Krankenversicherung und Datenschutz - wie schmerzlich sind Datenverstöße?

Gesundheitsdaten sind besonders sensible Daten. Der Datenschutz besitzt daher eine noch größere Bedeutung als ohnehin schon. Umso gravierender ist, wenn Gesundheitsdaten tatsächlich in falsche Hände geraten. Daraus kann sich für Geschädigte ein Anspruch auf Schmerzensgeld ergeben.

Das zeigt ein Urteil des Oberlandesgerichts Düsseldorf (OLG Düsseldorf, Urteil v. 28.10.2021 - Az: 16 U 275/20). Es verurteilte eine Krankenkasse zur Zahlung von 2.000 Euro Schmerzensgeld. Das Urteil zeigt aber auch, dass Entschädigungsforderungen Maß und Mitte bewahren müssen.
 

Gesundheitsakte an falsche E-Mail-Adresse versandt

Geklagt hatte eine Frau, die Mitglied einer gesetzlichen Krankenkasse ist und eine private Krankentagegeldversicherung abschließen wollte.
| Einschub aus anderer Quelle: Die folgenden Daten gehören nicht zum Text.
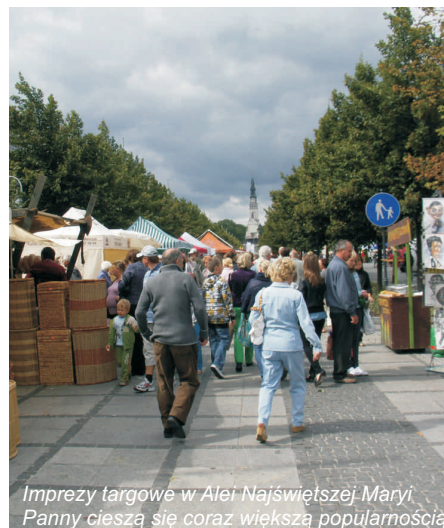
Imprezy targowe w Alei Najświętszej Maryi Panny cieszą się coraz większą popularnością

Organizatorem Wystawy był Regionalny Ośrodek Doradztwa Rolniczego w Częstochowie; współorganizatorem - Urząd Miasta Częstochowy.
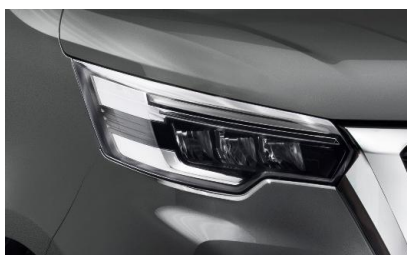
szary – KNA
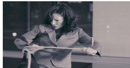
Glass Ceiling (plafond de verre) par Teresa Serrano
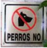
En in het Spaans, met overbodige streep
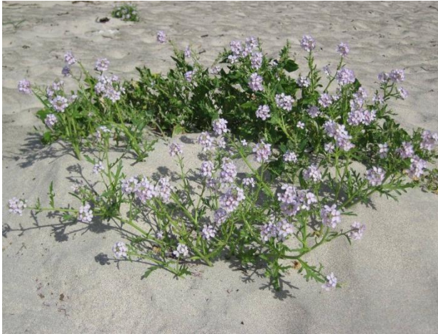
Fig 3: Strandreddik veks på sandstrendene

aff. phlebophorus ). Bleikløte, sandsiv, strandkveke og sandslirekne synest å vere utgått. (Jordal 2005).
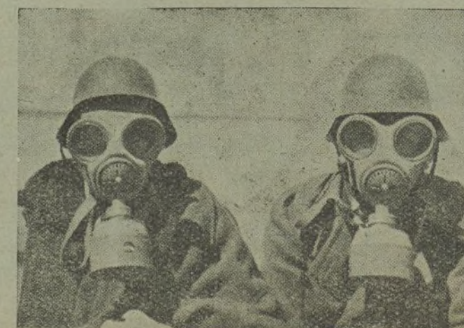
MODELO DE CARETA ANTIGAS, ULTIMO SISTEMA
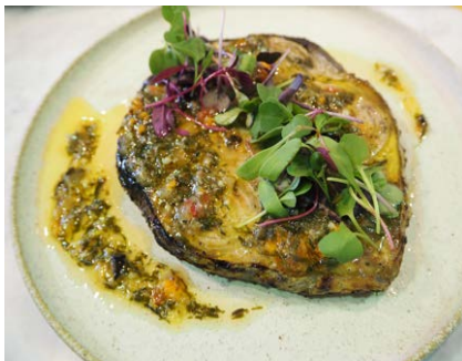
マグロのステーキ
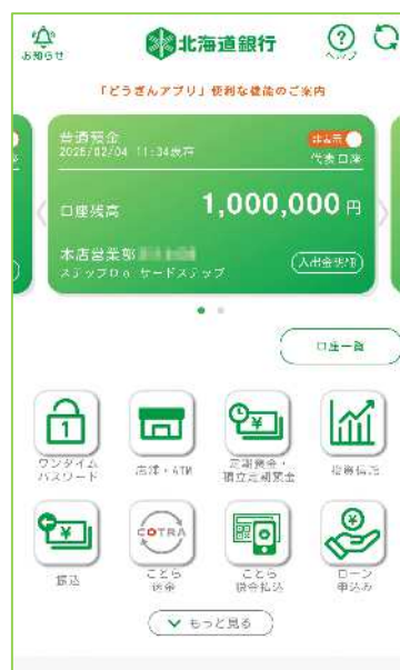
▲「どうぎんアプリ」イメージ
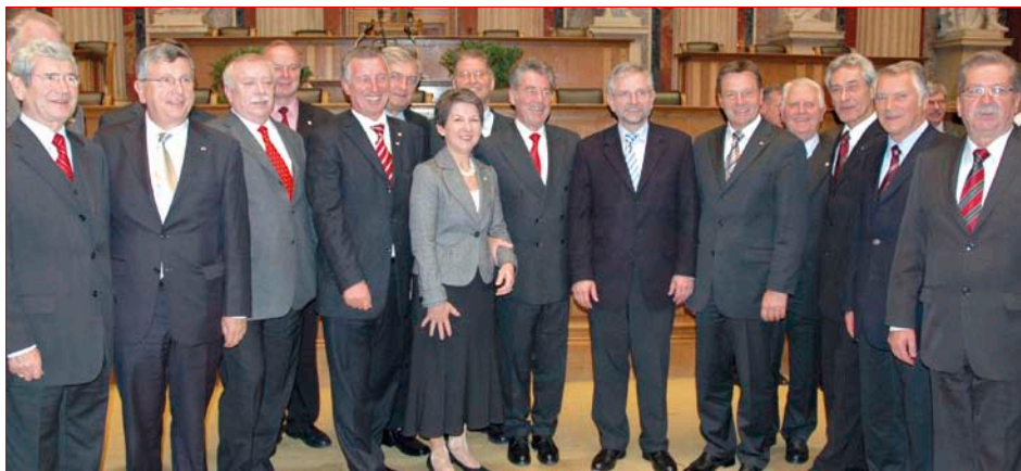
Festakt anlässlich 60 Jahre Österreichischer Gemeindebund im Parlament

Zum insgesamt dritten Mal haben die Kommunalen Sommergespräche des Österreichischen Gemeindebundes, in Zusammenarbeit mit seinem Partner, der Kommunalkredit Austria, stattgefunden. Von 30. Juli bis 1. August 2008 kamen zahlreiche erfahrene Politiker und Experten aus Wirtschaft und Wissenschaft in Bad Aussee, dem geographischen Mittelpunkt Österreichs, zusammen. Mittlerweile sind die kommunalen Sommergespräche ein für die Kommunalpolitik traditioneller Veranstaltungstyp,
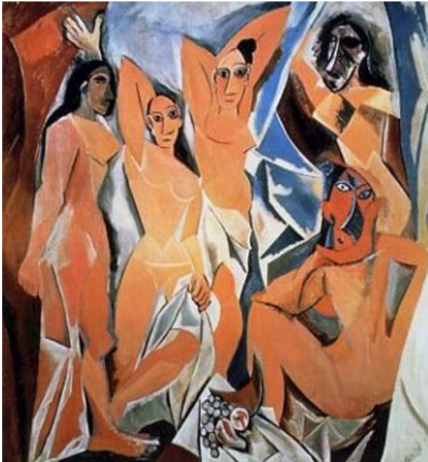
Las señoritas de Aviñón (Picasso)
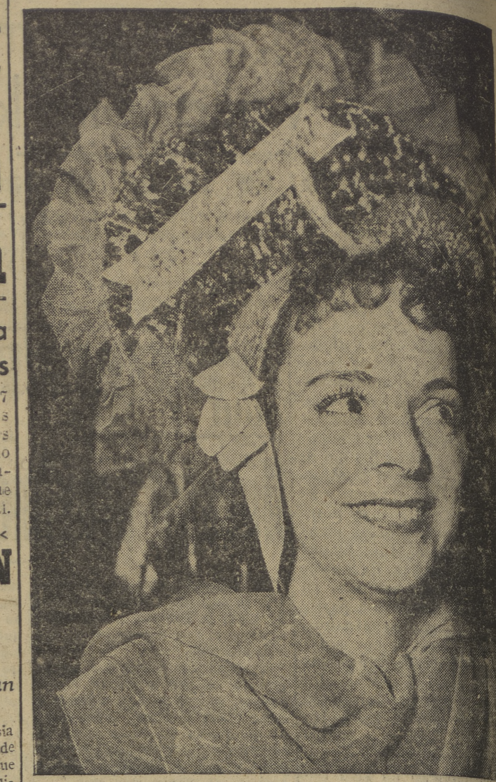
Las costureras del París de 1948 tuvieron ocasión, el día de la fiesta --25 de noviembre-- de exhibir sus originalidades en el difícil arte de hacer cofias que tengan un aire elegante y expresivo. Los parisinos quedaron asombrados de las gaitas creaciones presentadas por las herolinas de la aguja. El modelo que presenta la "foto" ha sido denominado irónicamente --por que también ellas tienen derecho a ironizar de vez en cuando con el genérico nombre de "El grito de la anolancia" --
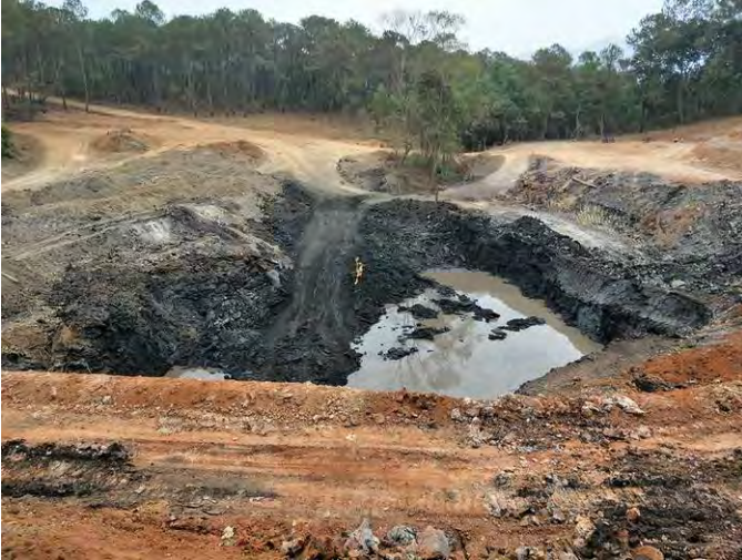
ကွင်းတီးခုတ်ထာမ်ဂိုမ်

Der Versicherungsmakler hatte der Frau geraten, von der Krankenkasse die Gesundheitsakte anzufordern, um Gesundheitsfragen beim Antrag für die private Zusatzversicherung korrekt beantworten zu können.

Die Frau nahm daraufhin Kontakt zu ihrer Krankenkasse auf und bat um die Zusendung der Daten an ihre E-Mail-Adresse. Aus nicht ganz geklärten Umständen notierte der Mitarbeiter der Krankenkasse eine falsche E-Mail-Adresse. An diese schickte er anschließend die Daten - unverschlüsselt und nicht pseudonymisiert.
 

15.000 Euro oder 500 Euro Schmerzensgeld angemessen?

Die Darstellungen zum Vorgeschichte des E-Mail-Versands unterscheiden sich. Die Frau gab an, dass sie zunächst einen postalischen Versand erbeten habe. Dieser sei aber von der Krankenkasse aus Umweltschutzgründen abgelehnt worden. Sie habe erst daraufhin dem Mailversand zugestimmt. Der Kassenmitarbeiter erklärte dagegen, dass die Klägerin den schnellstmöglichen Versand gefordert habe. Deshalb sei der Versand per E-Mail erfolgt.

Die Tatsache der falschen Adressierung wurde von der Krankenkasse nicht bestritten. Sie bot der Frau ein Schmerzensgeld von 500 Euro an. Das war weit entfernt von den Vorstellungen der Klägerin. Sie forderte 15.000 Euro und begründete diese Höhe damit, dass die Datenweitergabe an unbefugte Dritte für sie eine schwer erträgliche seelische Belastung darstelle. Da sich beide Seiten nicht einigen konnten, kam es zum Rechtsstreit.
 

Datenschutzverstoß, aber kein Organisationsversagen

Das in erster Instanz angerufene Wuppertaler Landgericht hatte der Frau ein Schmerzensgeld von 4.000 Euro zuerkannt. Dagegen legten beide Seiten Berufung ein, so dass sich das Oberlandesgericht Düsseldorf mit dem Fall befassen musste. Die Richter sahen - wie die Vorinstanz - im falsch adressierten Versand einen Verstoß gegen die Datenschutzgrundverordnung (Artikel 6 DSGVO - unrechtmäßige Datenverarbeitung). Anders als die Wuppertaler Richter erkannte das OLG aber kein Organisationsversagen auf Seiten der Krankenkasse.

Die Frau habe dem E-Mail-Versand zugestimmt und eine Verschlüsselung oder Pseudonymisierung sei offenkundig in dem Gespräch mit dem Krankenkassen-Mitarbeiter nicht vereinbart worden. Da der falsche Adressat die E-Mail nachweislich nicht zur Kenntnis genommen habe, habe es auch nicht zu einer unerwünschten Weiterverbreitung oder Veröffentlichung der Daten kommen können. Diesbezügliche Sorgen der Frau seien damit nicht mehr begründet.
 

Schmerzensgeld um die Hälfte gekürzt

Daher hielt das Gericht ein Schmerzensgeld für 2.000 Euro für angemessen und blieb damit 50 Prozent unter dem Betrag, den das Wuppertaler Gericht festgelegt hatte.